■ Aim of the exercise ■
Reproduce word for word the lines of the listing from the first one through the one with "Mi sono fermata", omitting every picture.

■ Dataset extract ■
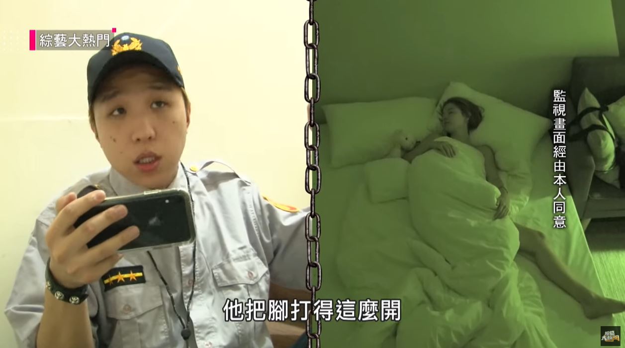 只見安妮逐漸熟睡,睡到一半雙腿大開,還豪邁地把一隻腳掛在床外,纖細嫩白的美腿被看光光,連安妮自己看了VCR都忍不住捏一把冷汗,害羞直說:「Oh my god!」接著大根透過經紀人取得鑰匙,偷偷打開安妮的房門,在安尼耳邊用力地吹了一聲哨子,嚇得她立刻跳起來還差點走光,大根趕緊拿衣服幫安妮蓋上。
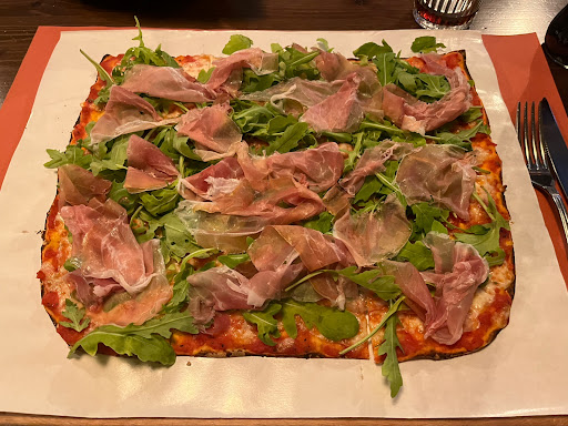 Mi sono fermata in questo locale vicinissimo all’autostrada incuriosita dalle recensioni contrastanti sulla loro “pizza”. Uso le virgolette perché non è una pizza nel senso tradizionale del termine, ma più una specie di spianata farcita, la cui base però non è di certo fatta al momento. Da amante della pizza napoletana con cornicione non fa per me ma non mi sento di sconsigliarla, basta essere consci di quello che vi arriverà, che no, non è una pizza e no, non è “gourmet” (per quelle, gli ingredienti e soprattutto gli abbinamenti sono ben più ricercati e studiati, e lo dico da persona che ha girato tantissimi locali in giro per l’Italia… la differenza è abissale). Fritto da evitare, pastella e frittura troppo troppo pesanti (è la prima volta che lascio avanzi, ma davvero non meritava).
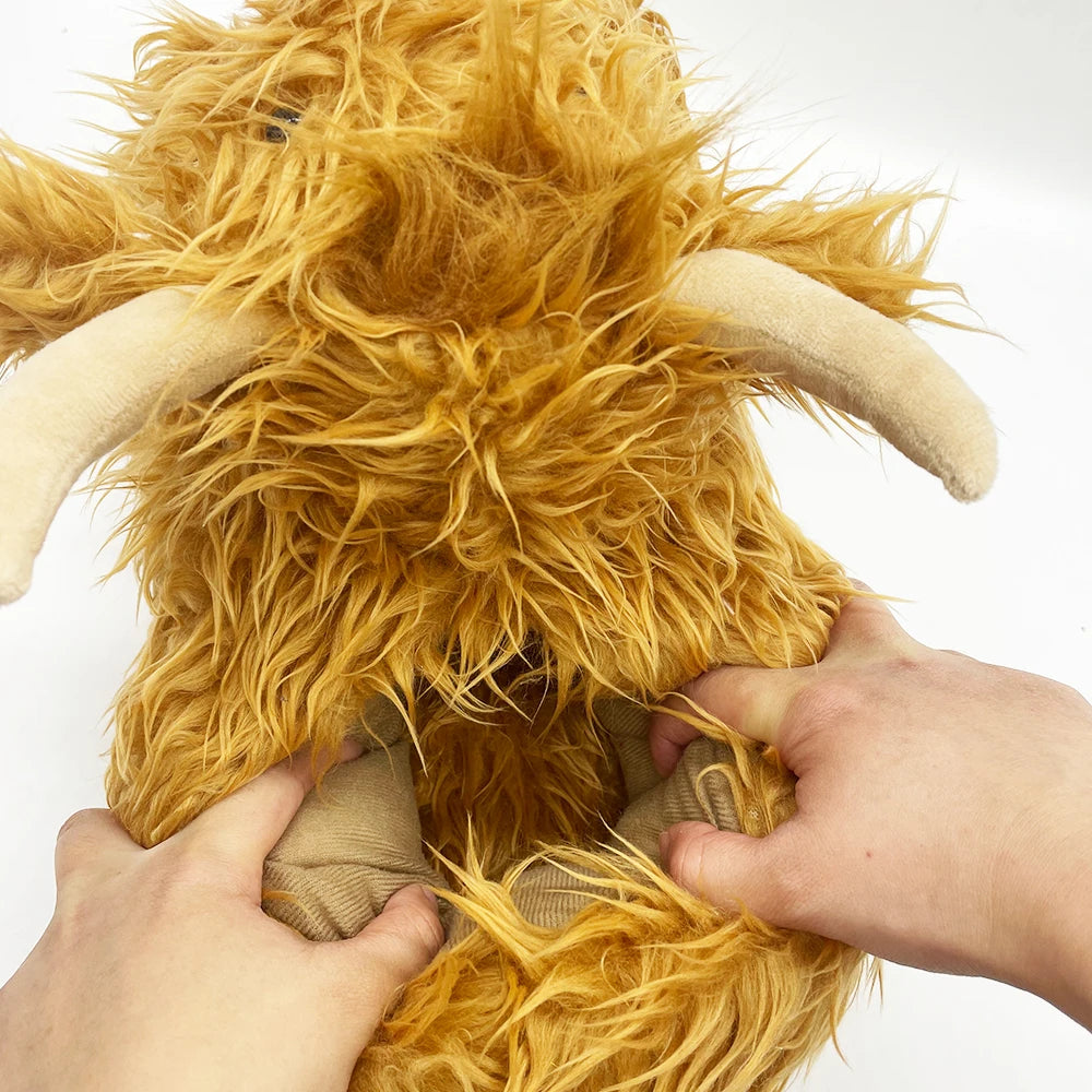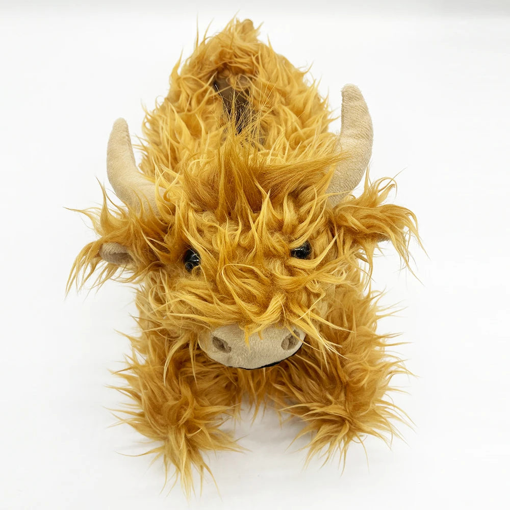Adoptez les Chaussons animaux – Vache Écossaise pour un confort unique et un style original chez vous.

■ Answer below ■
 只見安妮逐漸熟睡,睡到一半雙腿大開,還豪邁地把一隻腳掛在床外,纖細嫩白的美腿被看光光,連安妮自己看了VCR都忍不住捏一把冷汗,害羞直說:「Oh my god!」接著大根透過經紀人取得鑰匙,偷偷打開安妮的房門,在安尼耳邊用力地吹了一聲哨子,嚇得她立刻跳起來還差點走光,大根趕緊拿衣服幫安妮蓋上。
 Mi sono fermata in questo locale vicinissimo all’autostrada incuriosita dalle recensioni contrastanti sulla loro “pizza”. Uso le virgolette perché non è una pizza nel senso tradizionale del termine, ma più una specie di spianata farcita, la cui base però non è di certo fatta al momento. Da amante della pizza napoletana con cornicione non fa per me ma non mi sento di sconsigliarla, basta essere consci di quello che vi arriverà, che no, non è una pizza e no, non è “gourmet” (per quelle, gli ingredienti e soprattutto gli abbinamenti sono ben più ricercati e studiati, e lo dico da persona che ha girato tantissimi locali in giro per l’Italia… la differenza è abissale). Fritto da evitare, pastella e frittura troppo troppo pesanti (è la prima volta che lascio avanzi, ma davvero non meritava).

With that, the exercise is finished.